Marks occurrence records for thinning by keeping only one record per species within a radius of 'd' kilometers.

Usage

thin_geo(
  occ,
  species = "species",
  long = "decimalLongitude",
  lat = "decimalLatitude",
  d,
  prioritary_column = NULL,
  decreasing = TRUE,
  remove_invalid = TRUE,
  optimize_memory = FALSE,
  verbose = TRUE
)

Arguments

occ

(data.frame or data.table) a data frame containing the occurrence records to be flagged. Must contain columns for species, longitude, and latitude.

species

(character) the name of the column in occ that contains the species scientific names. Default is "species".

long

(character) the name of the column in occ that contains the longitude values. Default is "decimalLongitude".

lat

(character) the name of the column in occ that contains the latitude values. Default is "decimalLatitude".

d

(numeric) thinning distance in kilometers (e.g., 10 for 10km).

prioritary_column

(character) name of a numeric columns in occto define retention priority (e.g., quality score, year). See details.

decreasing

(logical) whether to sort records in decreasing order using the prioritary_column (e.g., from most recent to oldest when the variable is "year"). Only applicable when prioritary_column is not NULL. Default is TRUE.

remove_invalid

(logical) whether to remove invalid coordinates. Default is TRUE.

optimize_memory

(logical) whether to compute the distance matrix using a C++ implementation that reduces memory usage at the cost of increased computation time. Recommended for large datasets (> 10,000 records). Default is FALSE.

verbose

(logical) whether to display messages during function execution. Set to TRUE to enable display, or FALSE to run silently. Default is TRUE.

Value

The original occ data frame augmented with a new logical column named thin_geo_flag. Records that are retained after thinning receive TRUE, while records identified as too close to a higher-priority record receive FALSE.

Details

This function is similar to the thin() function from the spThin package, but with an important difference: it allows specifying a priority order for retaining records.

When a thinning distance is provided (e.g., 10 km), the function identifies clusters of records within this distance. Within each cluster, it keeps the record with the highest priority according to the column defined in prioritary_column (for example, keeping the most recent record if prioritary_column = "year"), and flags the remaining nearby records for removal.

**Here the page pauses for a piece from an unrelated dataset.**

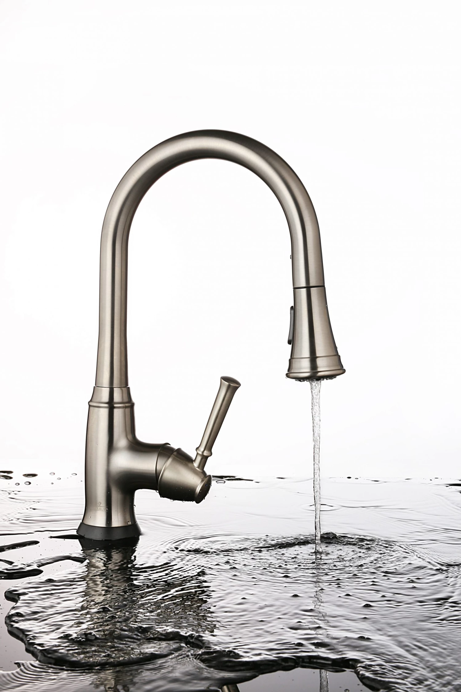 It is a sure bet that during your time in the kitchen, your hands are rarely clean or free. This reality can make it challenging to use your faucet; the touch-operated A-750-BN is the answer to anyone frustrated with traditional faucets. Effortlessly activate the stream of water by touching the body of the faucet and avoid spreading the mess. Go beyond the functionality of the A-750, and you’ll find a beautiful form capable of complementing any kitchen design. The spray function buttons allow you to choose the perfect force of water for any kitchen chore.

If prioritary_column is NULL, the priority follows the original order of rows in the input occ data.frame.

Examples

# Load example data
data("occurrences", package = "RuHere")
# Subset occurrences for Araucaria angustifolia
occ <- occurrences[occurrences$species == "Araucaria angustifolia", ]
# Thin records using a 10 km distance threshold
occ_thin <- thin_geo(occ = occ, d = 10)
#> Removing 1 invalid records
sum(!occ_thin$thin_geo_flag)  # Number of records flagged for removal
#> [1] 235
# Prioritizing more recent records within each cluster
occ_thin_recent <- thin_geo(occ = occ, d = 10, prioritary_column = "year")
#> Removing 1 invalid records
sum(!occ_thin_recent$thin_geo_flag)  # Number of records flagged for removal
#> [1] 235